Anti-Sodomy Laws
By Russell Shaw
Herald Columnist
(From the issue of 3/13/03)
When the Supreme Court hears oral arguments March 26 in a case challenging Texas's
anti-sodomy law, more will be at stake than may appear at first.
If the question were only whether to uphold or strike down anti-sodomy statutes in
Texas and a dozen other states, most people probably wouldn't lose too much sleep. Even
those who deplore the behavior tend to agree that the private sexual conduct of consenting
adults is not government's business.
But what's involved here is not really that simple. Overturning laws against sodomy
could be a significant step toward the homosexual activists' goal of legalizing same-sex
marriage.
Note that the Texas case (Lawrence v. Texas) is being pressed by the Lambda
Legal Defense and Education Fund. This gay organization also represents homosexual couples
in New Jersey in a case seeking to legalize same-sex marriage; it is committed, in its own
words, to working on behalf of gays "to win and keep the freedom to marry
nationwide." (A similar case argued earlier this month before the Massachusetts
Supreme Judicial Court is even farther along.)
Although the U.S. Supreme Court upheld anti-sodomy laws as recently as 1986, the fact
that it is considering the Texas case means at least four justices wanted to take another
look. Justices Stevens, Souter, Ginsburg, and Breyer seem the most likely candidates, and
there could be others.
It would be interesting, in passing, to know the views on the larger questiongay
marriageheld by some of those Lambda has lined up to submit friend-of-court briefs.
Together with a predictable collection of gay rights organizations and groups like the
ACLU, the NOW Legal Defense and Education Fund, and the People for the American Way
Foundation, these include such worthies as the Most Rev. Frank T. Griswold, III, Presiding
Bishop of the Episcopal Church, the American Friends Service Committee, Amnesty
International U.S.A., and, strange to say, the AFL-CIO. May one ask what freedom of sodomy
has to do with workers' rights?
There is, in any event, nothing far-fetched in seeing a link between overturning laws
against sodomy and securing legal recognition of gay marriage. A bit of history
illustrates that.
Back in 1965, in a case from Connecticut (Griswold v. Connecticut), the Supreme
Court overturned a state law against contraception. Justice William O. Douglas wrote that
it violated an implicit constitutional right to privacy.
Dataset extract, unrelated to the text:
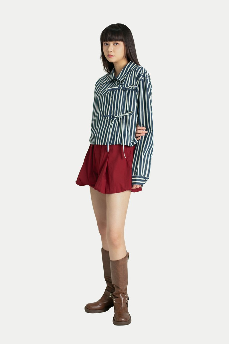 The Yuki Double-Breasted Ribbon Crop Shirt is the perfect mix of modern and oriental style—trendy yet timeless. Designed with a diagonal double-breasted opening and ribbon ties, it is a modern rendition of a traditional cheongsam top. Featuring a cropped, boxy silhouette, this piece is super easy to style. Pair it with jeans for a casual look, or with a cute skirt to channel a girly vibe for Chinese New Year. Opens via a front ribbon closure. Unlined.

Arguments now being made against anti-sodomy laws also were made then. Some Catholics
said striking down the anti-contraception statute was in line with the Church's moral
tradition. "Little did Catholics realize," writes Donald Critchlow in his
history of the birth control and abortion movements, Intended Consequences,
"that the Griswold decision, with its privacy doctrine, would become the basis
for legalizing abortion."
That happened eight years later. In Roe v. Wade Justice Harry Blackmun used the
privacy principle to rationalize legalization of abortion on demand. Justice William
Brennan, a Catholic, tutored Blackmun, as earlier he had Douglas, to lean on privacy to
get the desired result.
In the weeks ahead, look for media coverage and commentary concerning the Texas case to
denounce the absurd and unfair violation of consenting adults' rights involved in laws
against sodomy. Expect to hear much about the desirability of keeping government out of
bedrooms and the wickedness of gender-based discrimination.
Don't expect to hear a lot about how short a leap it might be from striking down
anti-sodomy laws to legalizing gay marriage. But be sure of this: The Lambda Legal Defense
and Education Fund and other gay groups are thinking about that.
Shaw is a freelance writer from Washington, D.C.